December 24, 2024

Carvana logo and signature vending machines in Tempe, Arizona.

Mike Welland | CNBC

Karavana The online used car retailer on Wednesday raised its 2024 profit forecast after the company significantly beat Wall Street expectations in the third quarter.

Here’s how the company performed in the third quarter, compared with the average forecast compiled by London Stock Exchange Group:

  • Earnings per share: 64 cents vs expected 25 cents
  • income: US$3.65 billion, expected US$3.45 billion

The company’s shares rose about 20% in after-hours trading Wednesday.

For 2024 guidance, Carvana said adjusted earnings before interest, taxes, depreciation and amortization would be “significantly above the upper end of its previous target of $1 billion to $1.2 billion.” The company’s adjusted EBITDA last year was $339 million.

Carvana’s new guidance signals expectations for a strong end to the year. The company said it expects fourth-quarter retail vehicle sales to increase sequentially from the previous three months, which totaled 108,651 vehicles.

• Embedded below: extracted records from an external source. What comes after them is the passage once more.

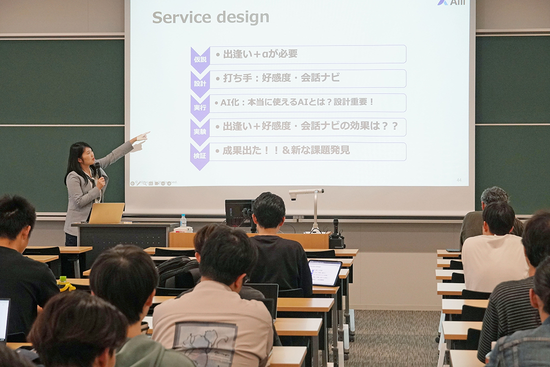 2025年10月6日(月)、松原仁教授が担当する「産業と情報通信技術」の講義において、株式会社Aill 代表取締役の豊嶋千奈氏をお招きし、講演会を開催しました。本科目では、AIやビッグデータ、IoT、ロボット、セキュリティなど最新の情報通信技術(ICT)を活用している民間企業や自治体、大学などの研究者や技術者を迎え、最新技術の動向や産業応用について講演いただくことで、ICTの実際の利活用の実例や技術を学ぶとともに、急速に進化するICTにより今後の産業や我々の生活がどう変化するのか、それによる社会的効果や課題が何なのかなどについて学びます。
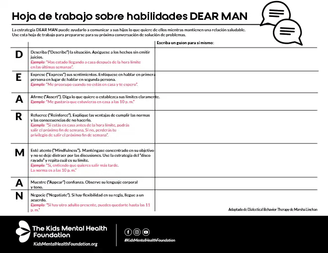 ¡Descarga nuestra hoja de trabajo de la estrategia DEAR MAN de Kids Mental Health Foundation!
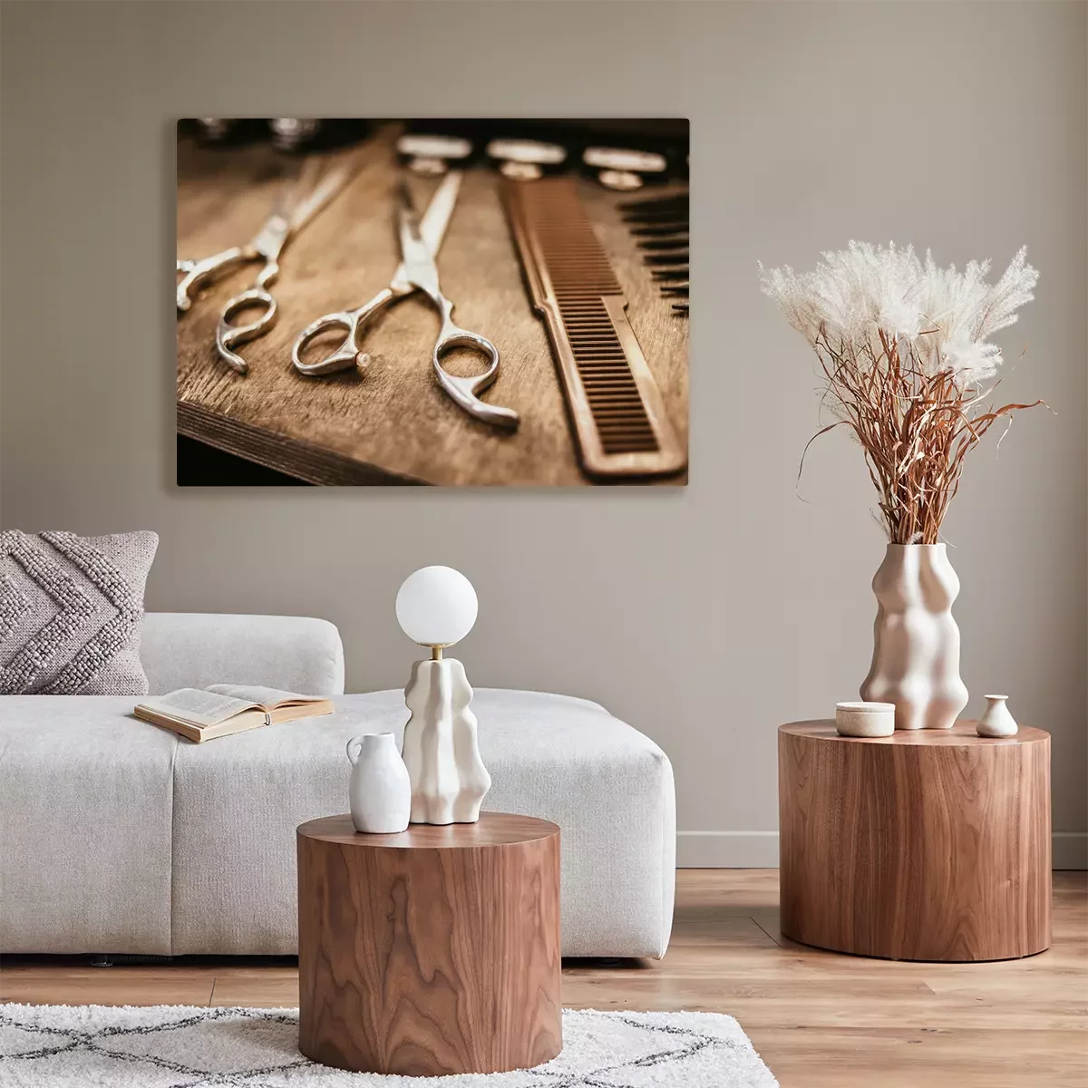 Canvas: Accessories for haircuts are on the shelf in the salon

In the third quarter, the company’s net profit was US$148 million. Less than $741 million A year ago, that number was inflated by debt-reduction gains. Adjusted EBITDA was $429 million, and adjusted EBITDA margin was 11.7%, both records set by the company in the second quarter.

The company’s third-quarter 2023 results included $148 million in adjusted EBITDA and $2.77 billion in revenue.

The company’s shares are up about 300% this year as it restructures its operations and cuts costs as Wall Street worries it will go bankrupt by the end of 2022.

Carvana stock closed Wednesday at $207.31 per share, down less than 1%. Earlier in the day, the stock hit a new 52-week high of $213.98 per share.